Provided data:
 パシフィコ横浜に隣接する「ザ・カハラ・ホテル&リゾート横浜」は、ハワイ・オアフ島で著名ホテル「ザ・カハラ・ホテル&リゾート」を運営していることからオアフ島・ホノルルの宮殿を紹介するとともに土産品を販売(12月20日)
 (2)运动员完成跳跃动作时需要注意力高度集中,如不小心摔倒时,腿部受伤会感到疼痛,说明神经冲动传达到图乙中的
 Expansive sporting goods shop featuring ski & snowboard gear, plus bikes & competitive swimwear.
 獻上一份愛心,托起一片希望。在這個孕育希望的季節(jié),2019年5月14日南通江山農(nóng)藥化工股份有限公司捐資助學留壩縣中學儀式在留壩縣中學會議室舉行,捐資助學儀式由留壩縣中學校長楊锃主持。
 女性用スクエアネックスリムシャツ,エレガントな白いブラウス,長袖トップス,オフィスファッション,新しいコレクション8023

==

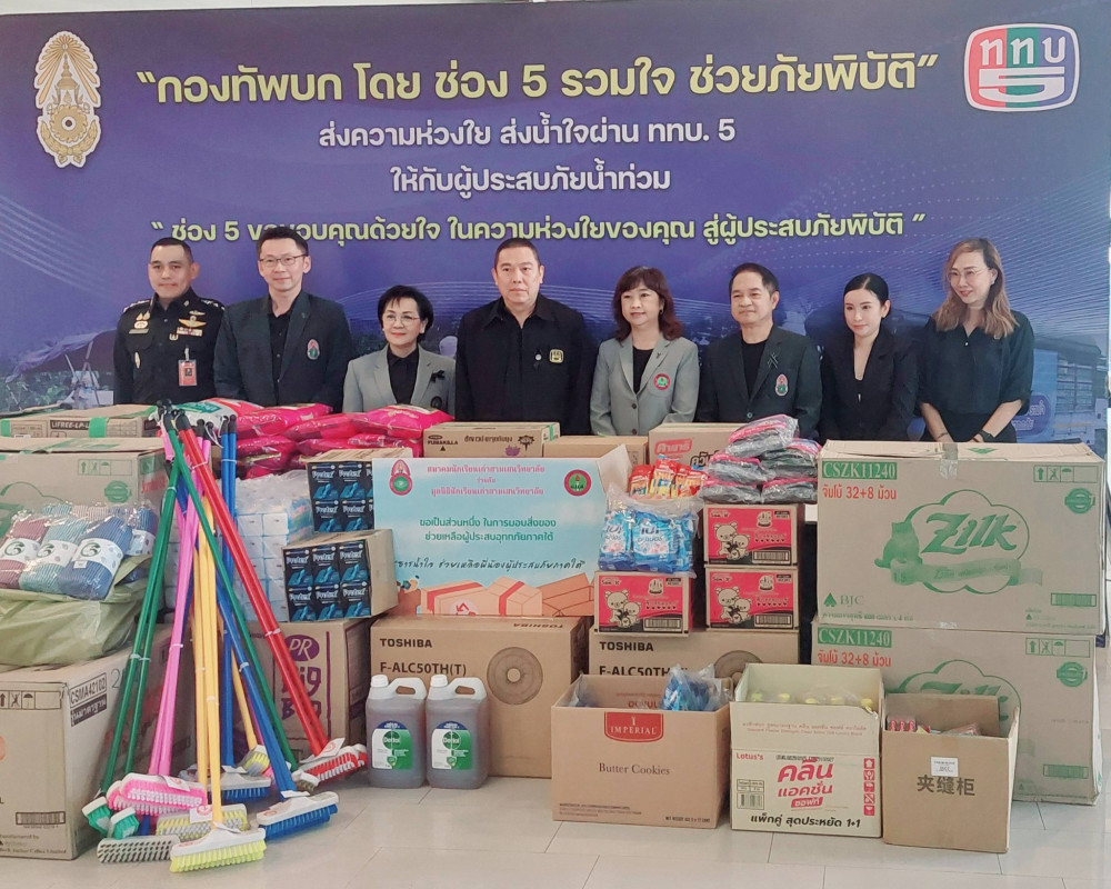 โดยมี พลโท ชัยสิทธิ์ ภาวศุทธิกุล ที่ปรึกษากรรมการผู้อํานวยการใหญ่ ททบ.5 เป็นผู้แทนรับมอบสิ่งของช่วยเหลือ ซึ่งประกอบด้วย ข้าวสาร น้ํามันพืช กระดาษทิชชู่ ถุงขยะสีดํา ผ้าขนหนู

==

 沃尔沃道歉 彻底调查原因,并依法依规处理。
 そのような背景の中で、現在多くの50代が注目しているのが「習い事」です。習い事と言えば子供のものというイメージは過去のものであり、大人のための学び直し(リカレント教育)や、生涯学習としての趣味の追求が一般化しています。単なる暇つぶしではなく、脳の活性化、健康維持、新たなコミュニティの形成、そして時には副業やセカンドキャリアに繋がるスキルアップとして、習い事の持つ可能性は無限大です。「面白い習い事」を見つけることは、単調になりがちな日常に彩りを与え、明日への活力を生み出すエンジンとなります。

Exercise prompt:
Each line above from the one with "獻上一份愛心,托起一片希望。" up to and including the one with "女性用スクエアネックスリムシ" must be set down exactly, and no line outside that span may appear.

Task response:
 獻上一份愛心,托起一片希望。在這個孕育希望的季節(jié),2019年5月14日南通江山農(nóng)藥化工股份有限公司捐資助學留壩縣中學儀式在留壩縣中學會議室舉行,捐資助學儀式由留壩縣中學校長楊锃主持。
 女性用スクエアネックスリムシャツ,エレガントな白いブラウス,長袖トップス,オフィスファッション,新しいコレクション8023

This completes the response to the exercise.